The Joe Normals stepping through the Canteen’s front door could regularly spot glamorous stars who’d volunteered to wait on tables, cook in the kitchen, or clean up. If he was lucky, he might get served coffee and donuts by Bette Davis herself, or Paulette Goddard, or Mary Pickford. And if he was really lucky, he might have a chance at taking a spin on the dance floor with Vivien Leigh, Rita Hayworth, Hedy LaMarr, Dorothy Lamour, Jane Russell, Sonja Henie, or Gene Tierney. Those guys must have been speechless at the sight of holding the likes of Lamarr or Tierney in their arms. And they got to share their good fortune with the folks back home. Postcards of the Hollywood Canteen were given out at the reception desk and could be mailed with free postage for servicemen by writing “Free” in place of a stamp, and giving their military association, name and rank.
The other highlight was the entertainment provided by some of Hollywood’s most popular stars. Bob Hope, Cary Grant, Spencer Tracy, Carmen Miranda, Dick Powell, Frances Langford, Count Basie, the Andrews Sisters, Bill Robinson, Lena Horne, Red Skelton, Abbott & Costello were just a few of the hundreds of celebrities who entertained the servicemen every night. On September 15, 1943 the one millionth guest walked through the door of the Hollywood Canteen. The lucky soldier, Sgt. Carl Bell, received a kiss from the ultimate WWII pinup girl—Betty Grable—and was escorted in by Marlene Dietrich.
In fact, the arrival of the millionth guest became the plot of a movie version put out by Warner Brothers. Creatively entitled “Hollywood Canteen,” the plot revolved around two soldiers who spend their three nights leave at the Hollywood Canteen before going back to active duty. One of them, Slim (played by Robert Hutton) is the lucky one millionth soldier to enter the canteen. His prize is a date with his dream girl, Joan Leslie. Slim’s buddy Sergeant (Dane Clark) dances with Joan Crawford and Canteen President Bette Davis praises the canteen for its part in the war effort. It featured 62 stars—probably the most stars ever to appear in one movie.

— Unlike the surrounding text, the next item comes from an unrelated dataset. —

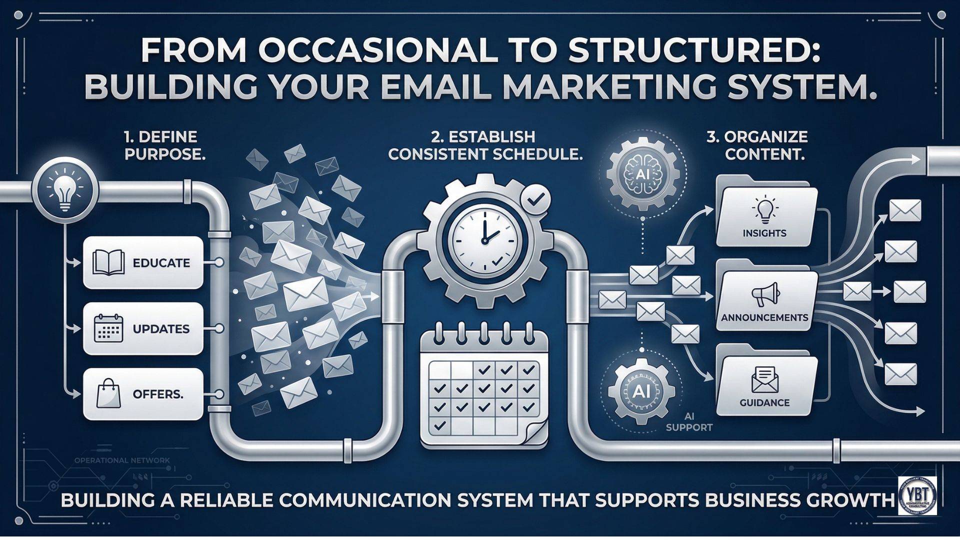 Sending emails occasionally may keep your business visible, but structure is what allows your communication to remain consistent, clear, and effective over time.

The movie was a huge success, and according to Bette Davis, when the canteen was no longer needed after V-J Day, $500,000 remained in the canteen account, a great deal of which came from the film—Jack Warner had donated some of the profits to the Canteen’s bankroll (undoubtedly with not a small amount of prodding from Bette Davis.) With this leftover money, a foundation was formed, and to this day contributions are made to worthy projects dealing with the armed forces.
But the end of the war saw the end of the need of the Hollywood Canteen, and on and November 22, 1945 (Thanksgiving Day), it closed its doors having been host to almost three million servicemen who, it’s fairly safe to assume, could barely believe their luck.